PROBLEM TO SOLVE – Only the lines from the "Professorat de les" line through the last line of the material below belong in the answer, reproduced exactly and with no pictures.

DATA SECTION –
++++++++++
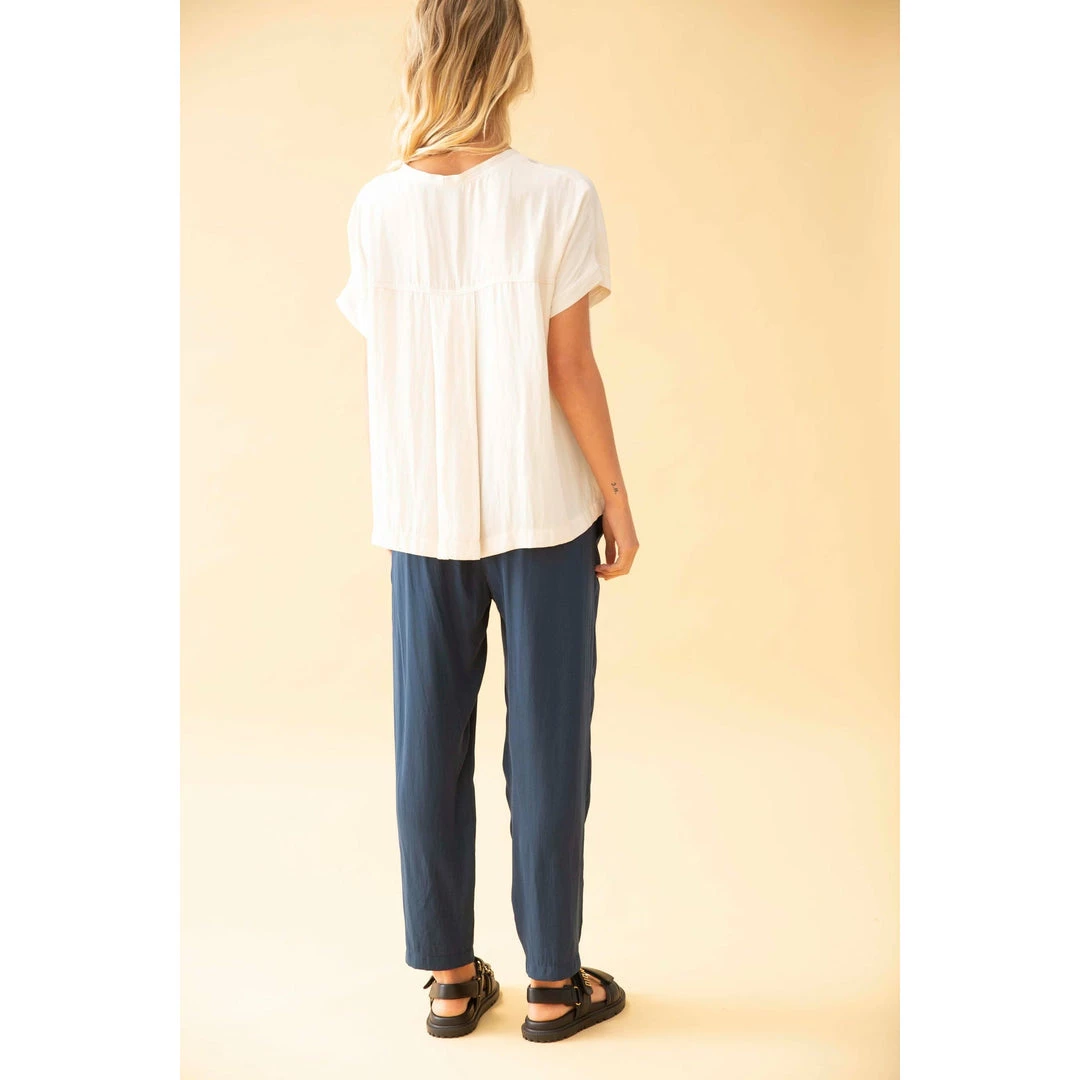 Crafted from Mela Purdie’s fluid Mache, the Soft Capri are slightly cropped in length and cut for tapered fit through the leg, with an elasticised waist and side entry pockets.
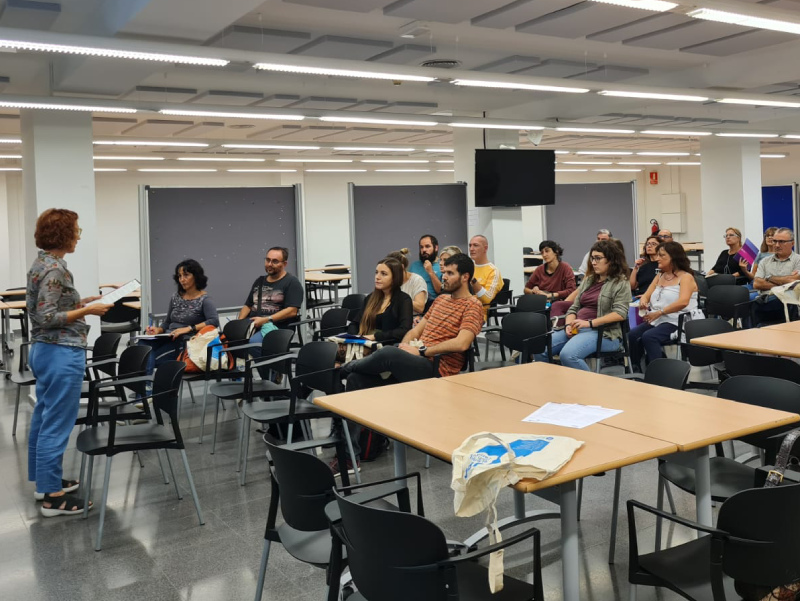 Professorat de les escoles i instituts que participen a la quarta edició del projectes, a la formació per introduir la perspectiva de gènere a les aules.
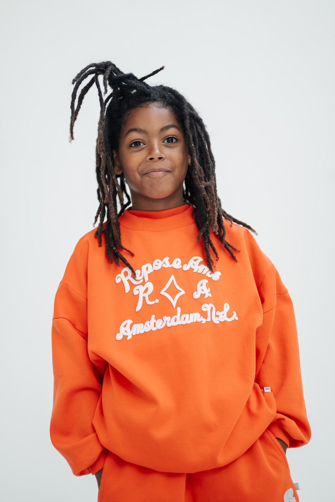 In a bold flame red with white puff print chest detail, this crewneck sweater brings timeless style with vibrant colour. Cut from 100% organic cotton interlock in an evergreen fit, it features a clean silhouette with distinctive puff print detailing that adds playful character to this classic design.
++++++++++
TASK RESPONSE –
 Professorat de les escoles i instituts que participen a la quarta edició del projectes, a la formació per introduir la perspectiva de gènere a les aules.
 In a bold flame red with white puff print chest detail, this crewneck sweater brings timeless style with vibrant colour. Cut from 100% organic cotton interlock in an evergreen fit, it features a clean silhouette with distinctive puff print detailing that adds playful character to this classic design.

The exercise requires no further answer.